Data records –

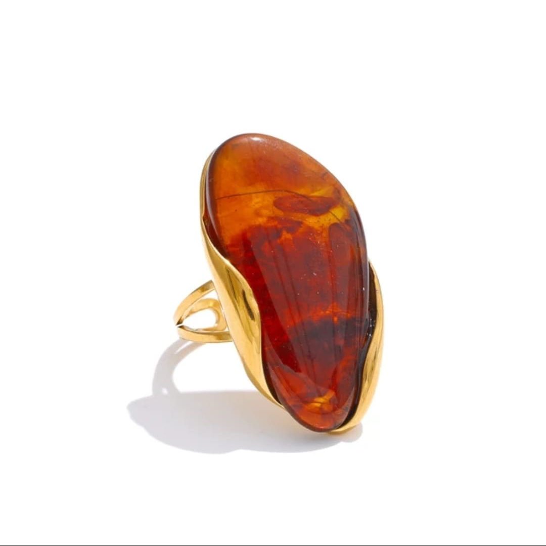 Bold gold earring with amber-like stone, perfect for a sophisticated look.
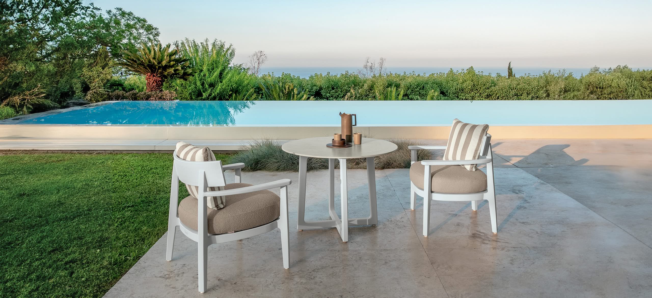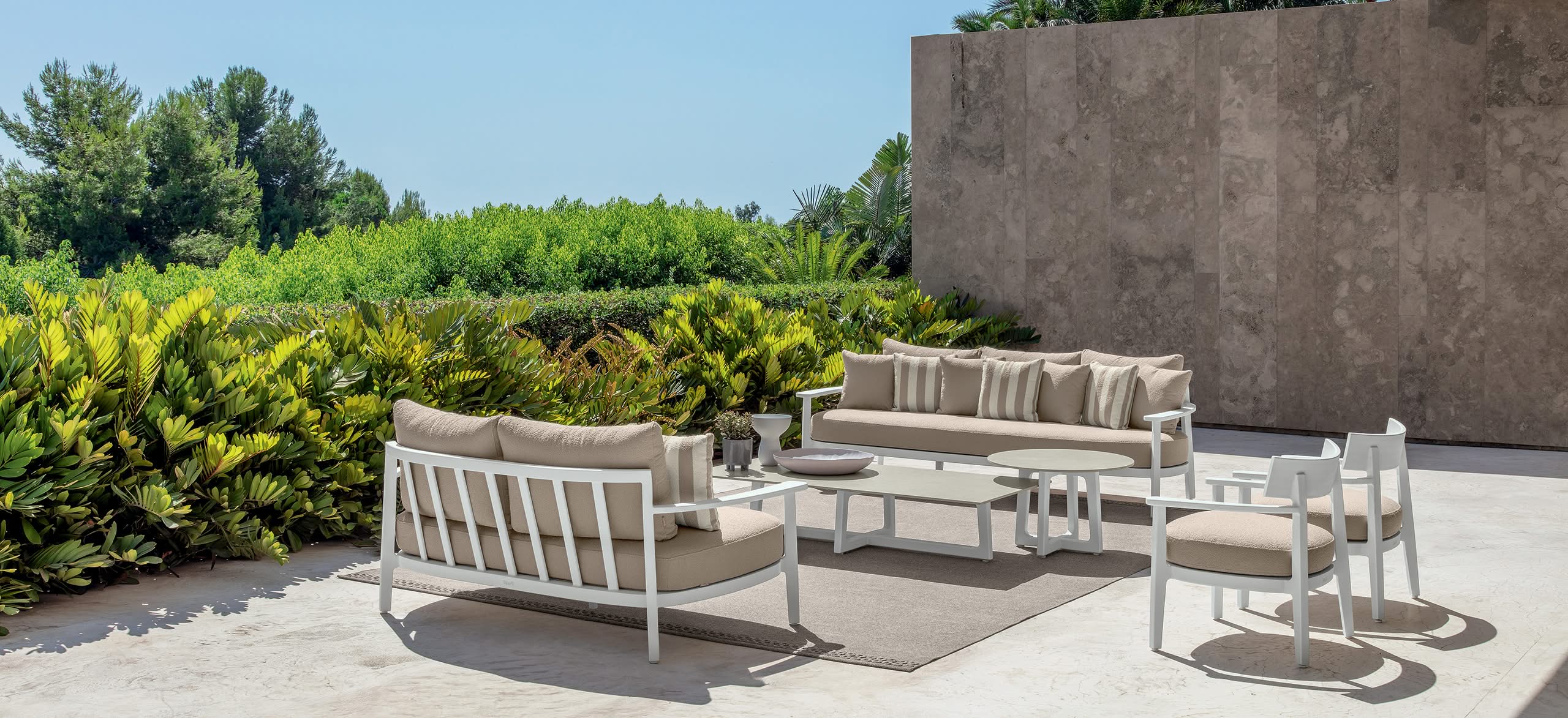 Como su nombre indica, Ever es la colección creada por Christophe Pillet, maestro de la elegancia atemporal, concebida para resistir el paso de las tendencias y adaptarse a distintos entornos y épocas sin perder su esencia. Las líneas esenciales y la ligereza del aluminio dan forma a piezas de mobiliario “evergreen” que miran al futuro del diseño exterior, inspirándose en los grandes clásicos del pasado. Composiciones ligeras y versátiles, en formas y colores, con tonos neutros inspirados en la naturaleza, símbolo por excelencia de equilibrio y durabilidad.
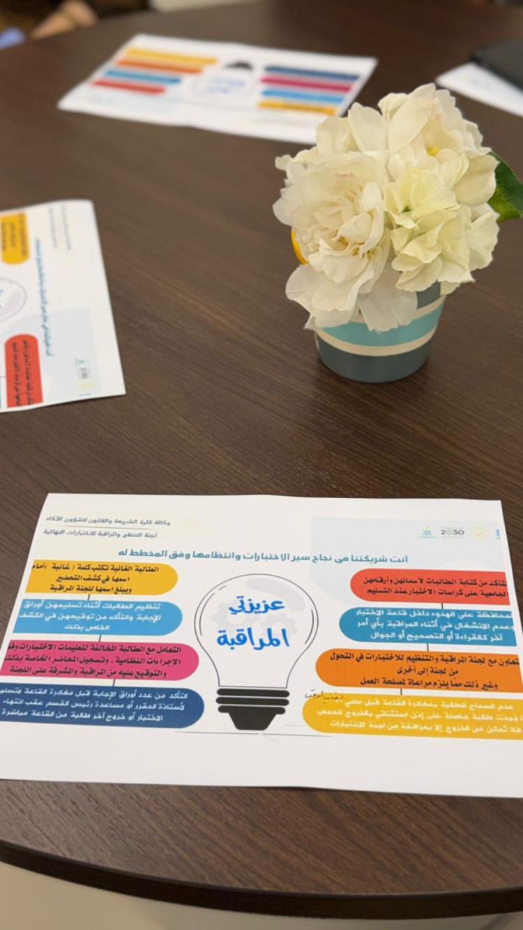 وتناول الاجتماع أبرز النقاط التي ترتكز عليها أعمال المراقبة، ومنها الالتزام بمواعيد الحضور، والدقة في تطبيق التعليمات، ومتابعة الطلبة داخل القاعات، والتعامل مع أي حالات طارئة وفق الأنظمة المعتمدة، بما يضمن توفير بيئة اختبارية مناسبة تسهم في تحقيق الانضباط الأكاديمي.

...

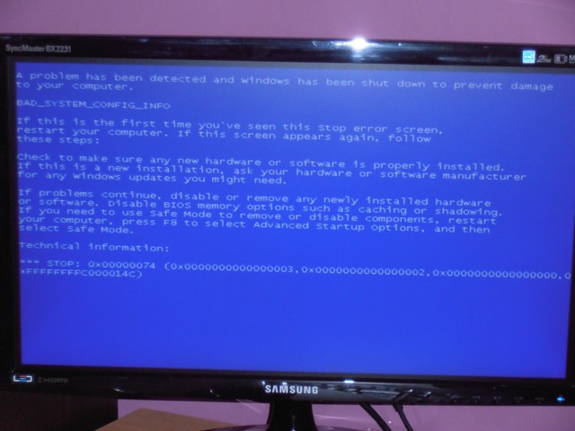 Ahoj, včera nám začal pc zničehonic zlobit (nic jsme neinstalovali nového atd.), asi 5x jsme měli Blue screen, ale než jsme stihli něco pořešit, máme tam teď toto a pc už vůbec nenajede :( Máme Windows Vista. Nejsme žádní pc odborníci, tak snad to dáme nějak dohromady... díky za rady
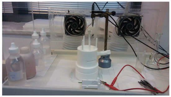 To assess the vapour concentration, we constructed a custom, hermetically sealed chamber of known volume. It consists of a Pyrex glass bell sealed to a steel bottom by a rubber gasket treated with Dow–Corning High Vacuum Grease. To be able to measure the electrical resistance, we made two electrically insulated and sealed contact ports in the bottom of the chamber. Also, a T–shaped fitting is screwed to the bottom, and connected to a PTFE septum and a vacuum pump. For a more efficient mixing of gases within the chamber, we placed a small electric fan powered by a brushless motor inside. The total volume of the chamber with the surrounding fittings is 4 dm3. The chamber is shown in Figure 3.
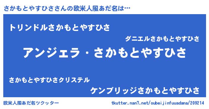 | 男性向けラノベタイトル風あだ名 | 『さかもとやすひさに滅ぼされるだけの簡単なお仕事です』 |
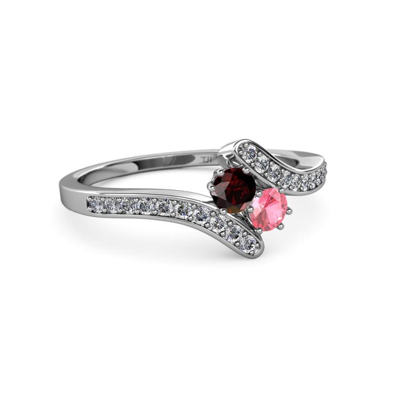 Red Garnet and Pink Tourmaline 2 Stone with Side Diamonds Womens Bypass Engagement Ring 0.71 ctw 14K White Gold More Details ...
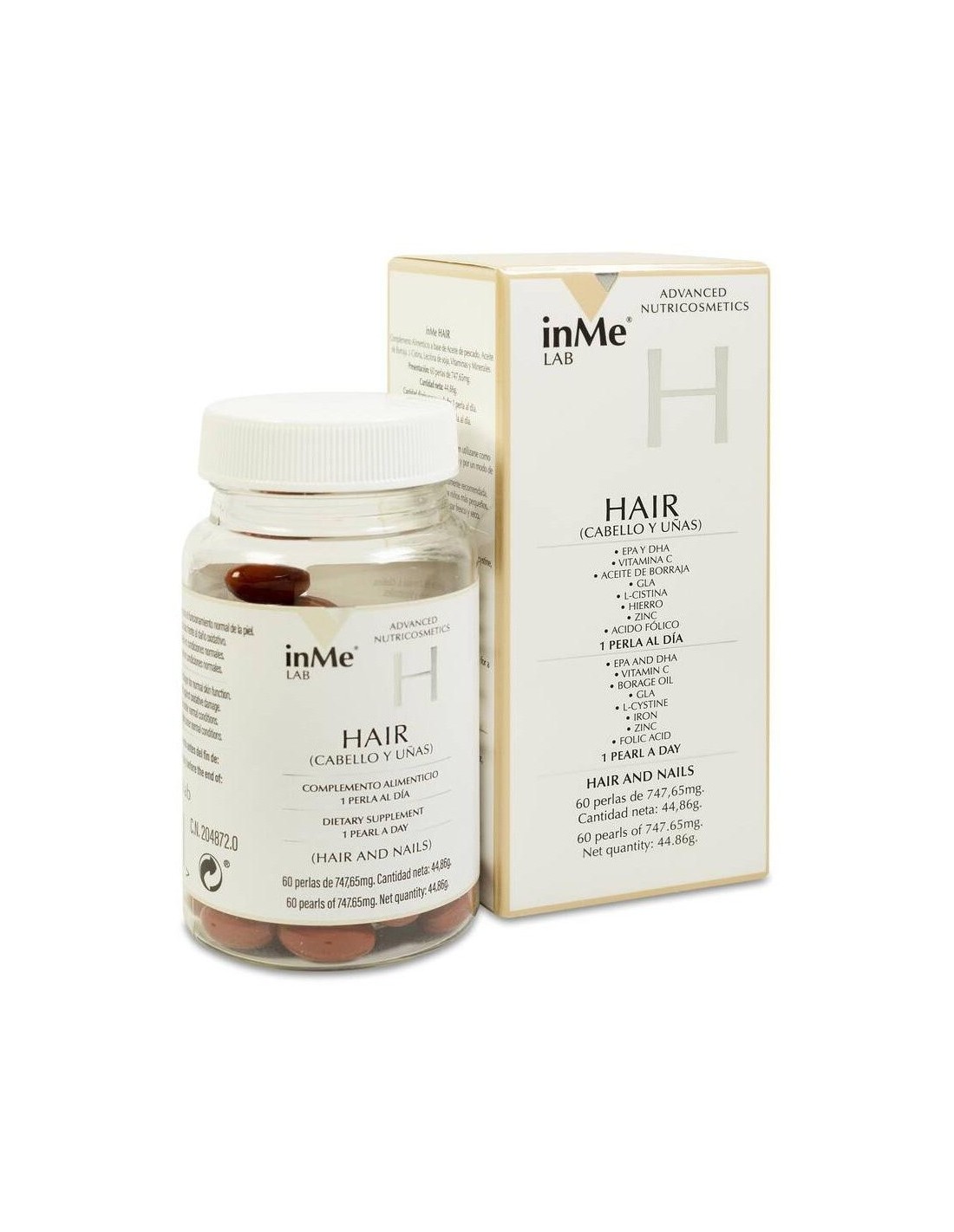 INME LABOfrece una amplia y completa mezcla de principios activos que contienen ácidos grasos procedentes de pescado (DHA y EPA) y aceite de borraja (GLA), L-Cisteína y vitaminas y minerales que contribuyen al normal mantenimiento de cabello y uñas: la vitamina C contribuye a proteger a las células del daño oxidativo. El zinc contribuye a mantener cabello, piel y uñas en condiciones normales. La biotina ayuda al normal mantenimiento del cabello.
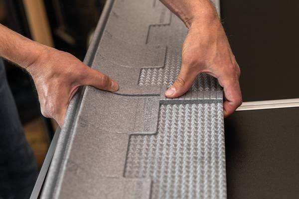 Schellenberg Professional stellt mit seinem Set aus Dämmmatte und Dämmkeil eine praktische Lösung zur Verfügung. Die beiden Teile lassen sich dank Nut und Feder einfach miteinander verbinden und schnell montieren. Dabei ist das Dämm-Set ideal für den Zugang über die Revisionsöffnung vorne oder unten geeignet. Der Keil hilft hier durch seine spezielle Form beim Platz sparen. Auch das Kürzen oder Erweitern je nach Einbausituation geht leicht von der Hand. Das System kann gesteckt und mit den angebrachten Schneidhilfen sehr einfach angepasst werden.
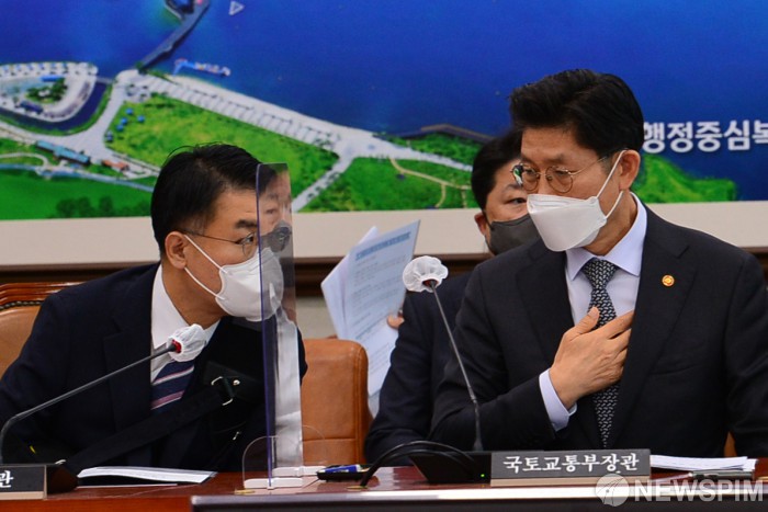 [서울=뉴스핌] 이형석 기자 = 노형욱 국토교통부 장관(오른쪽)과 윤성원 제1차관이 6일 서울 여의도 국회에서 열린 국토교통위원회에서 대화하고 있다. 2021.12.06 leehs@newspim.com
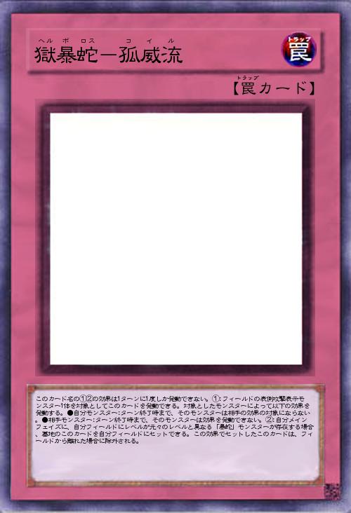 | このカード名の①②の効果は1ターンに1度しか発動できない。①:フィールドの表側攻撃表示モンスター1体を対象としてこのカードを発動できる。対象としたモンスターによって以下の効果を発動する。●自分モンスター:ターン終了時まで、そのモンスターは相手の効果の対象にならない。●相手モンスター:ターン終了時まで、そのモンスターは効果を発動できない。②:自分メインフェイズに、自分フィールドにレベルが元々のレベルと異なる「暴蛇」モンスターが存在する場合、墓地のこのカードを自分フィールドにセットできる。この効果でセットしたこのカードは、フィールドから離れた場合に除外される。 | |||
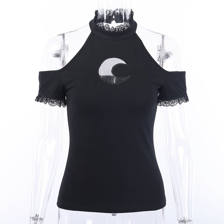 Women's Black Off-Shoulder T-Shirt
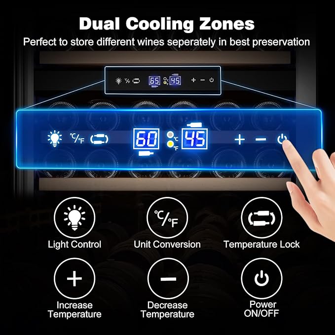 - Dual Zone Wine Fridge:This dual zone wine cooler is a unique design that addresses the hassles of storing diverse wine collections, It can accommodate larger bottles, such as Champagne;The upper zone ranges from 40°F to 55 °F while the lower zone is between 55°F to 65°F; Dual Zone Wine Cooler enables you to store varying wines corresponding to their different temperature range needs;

Task statement – Look above for the line with "[서울=뉴스핌] 이형석 기자" and copy exactly from it through the line with "Women's Black Off-Shoulder T-Shirt", both included. Omit the pictures.

Answer section –
 [서울=뉴스핌] 이형석 기자 = 노형욱 국토교통부 장관(오른쪽)과 윤성원 제1차관이 6일 서울 여의도 국회에서 열린 국토교통위원회에서 대화하고 있다. 2021.12.06 leehs@newspim.com
 | このカード名の①②の効果は1ターンに1度しか発動できない。①:フィールドの表側攻撃表示モンスター1体を対象としてこのカードを発動できる。対象としたモンスターによって以下の効果を発動する。●自分モンスター:ターン終了時まで、そのモンスターは相手の効果の対象にならない。●相手モンスター:ターン終了時まで、そのモンスターは効果を発動できない。②:自分メインフェイズに、自分フィールドにレベルが元々のレベルと異なる「暴蛇」モンスターが存在する場合、墓地のこのカードを自分フィールドにセットできる。この効果でセットしたこのカードは、フィールドから離れた場合に除外される。 | |||
 Women's Black Off-Shoulder T-Shirt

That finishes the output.